Scientific classification
- Kingdom: Animalia
- Phylum: Chordata
- Class: Aves
- Order: Piciformes
- Family: Ramphastidae
- Genus: Aulacorhynchus
- Species: A. derbianus
- Binomial name: Aulacorhynchus derbianus Gould, 1835

= Chestnut-tipped toucanet =

- Genus: Aulacorhynchus
- Species: derbianus
- Authority: Gould, 1835
- Conservation status: LC

Species of bird

The chestnut-tipped toucanet (Aulacorhynchus derbianus) is a near-passerine bird in the toucan family Ramphastidae. It is found in Bolivia, Colombia, Ecuador, and Peru.

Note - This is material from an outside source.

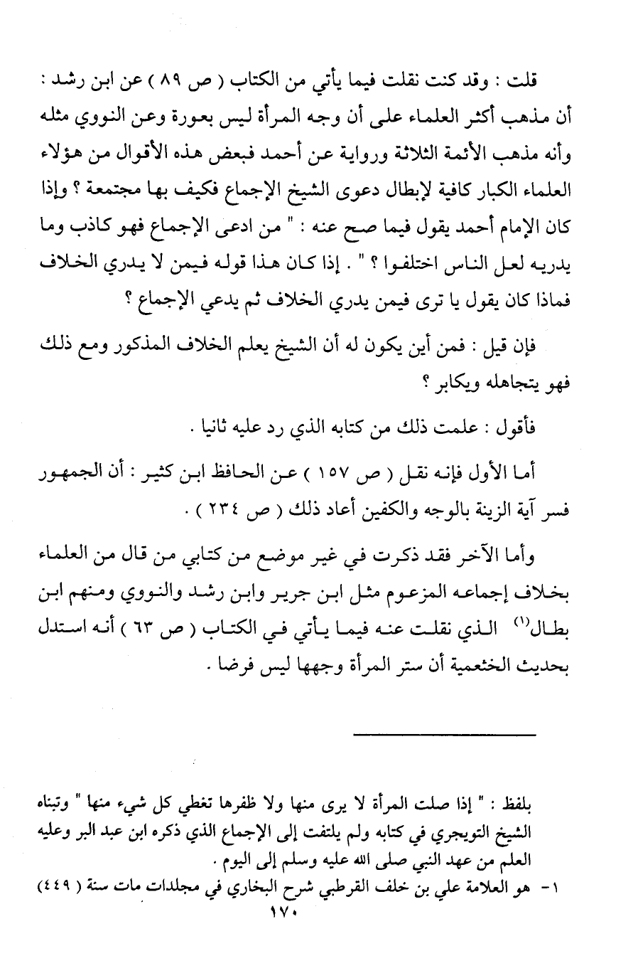 قلت: وقد كنت نقلت فيما يأتي من الكتاب (ص 89) عن ابن رشد: أن مذهب أكثر العلماء على أن وجه المرأة ليس بعورة وعن النووي مثله وأنه مذهب الأئمة الثلاثة ورواية عن أحمد فبعض هذه الأقوال من هؤلاء العلماء الكبار كافية لإبطال دعوى الشيخ الإجماع فكيف بها مجتمعة؟ وإذا كان الإمام أحمد يقول فيما صح عنه: " من ادعى الإجماع فهو كاذب وما يدريه لعل الناس اختلفوا؟ ". إذا كان هذا قوله فيمن لا يدري الخلاف فماذا كان يقول يا ترى فيمن يدري الخلاف ثم يدعي الإجماع؟

==Taxonomy and systematics==

The chestnut-tipped toucanet is monotypic. However, what is now the tepui toucanet (A. whitelianus) and it were for a time considered conspecific. They were separated by major taxonomic systems beginning in 2011. The chestnut-tipped and groove-billed toucanets (A. sulcatus) form a superspecies.

==Description==

The chestnut-tipped toucanet is 33 to 41 cm long and weighs 141 to 262 g. Its bill is deep red and black with a vertical white line at its base and grooves on the maxilla. (Some individuals have an all-black bill). The sexes are alike. Their plumage is generally green, with a bluish nape, a white throat, and wide chestnut tips on the tail feathers. The red-brown eye has some blue below it.

==Distribution and habitat==

The chestnut-tipped toucanet is found along the east slope of the Andes from extreme southern Colombia through Ecuador and Peru into western Bolivia as far as Cochabamba Department. It primarily inhabits subtropical montane cloudforest, but also tropical forest in Bolivia. In elevation it mostly ranges between 600 and 2000 m.

==Behavior==
===Movement===

The chestnut-tipped toucanet is believed to be non-migratory.

===Feeding===

The chestnut-tipped toucanet forages mostly in the canopy, typically in pairs but occasionally in groups as large as 10 individuals. Its diet is not known in detail but appears to be mostly fruits and their seeds with some insects also taken.

===Breeding===

The chestnut-tipped toucanet's breeding season appears to be from May to October. Nothing else is known about its breeding biology.

===Vocalization===

The chestnut-tipped toucanet's song is an "often long series of grrrrump to kwuk notes", which pairs often sing together. It also makes "'ggg-rgg', 'ngg-ngg', and rattling 'bbdt-bbdt' notes."

==Status==

The IUCN has assessed the chestnut-tipped toucanet as being of Least Concern. It has a large range but its population size is not known and is believed to be decreasing. No immediate threats have been identified. It is considered common in some limited areas but overall uncommon to rare in Ecuador and rare in Peru.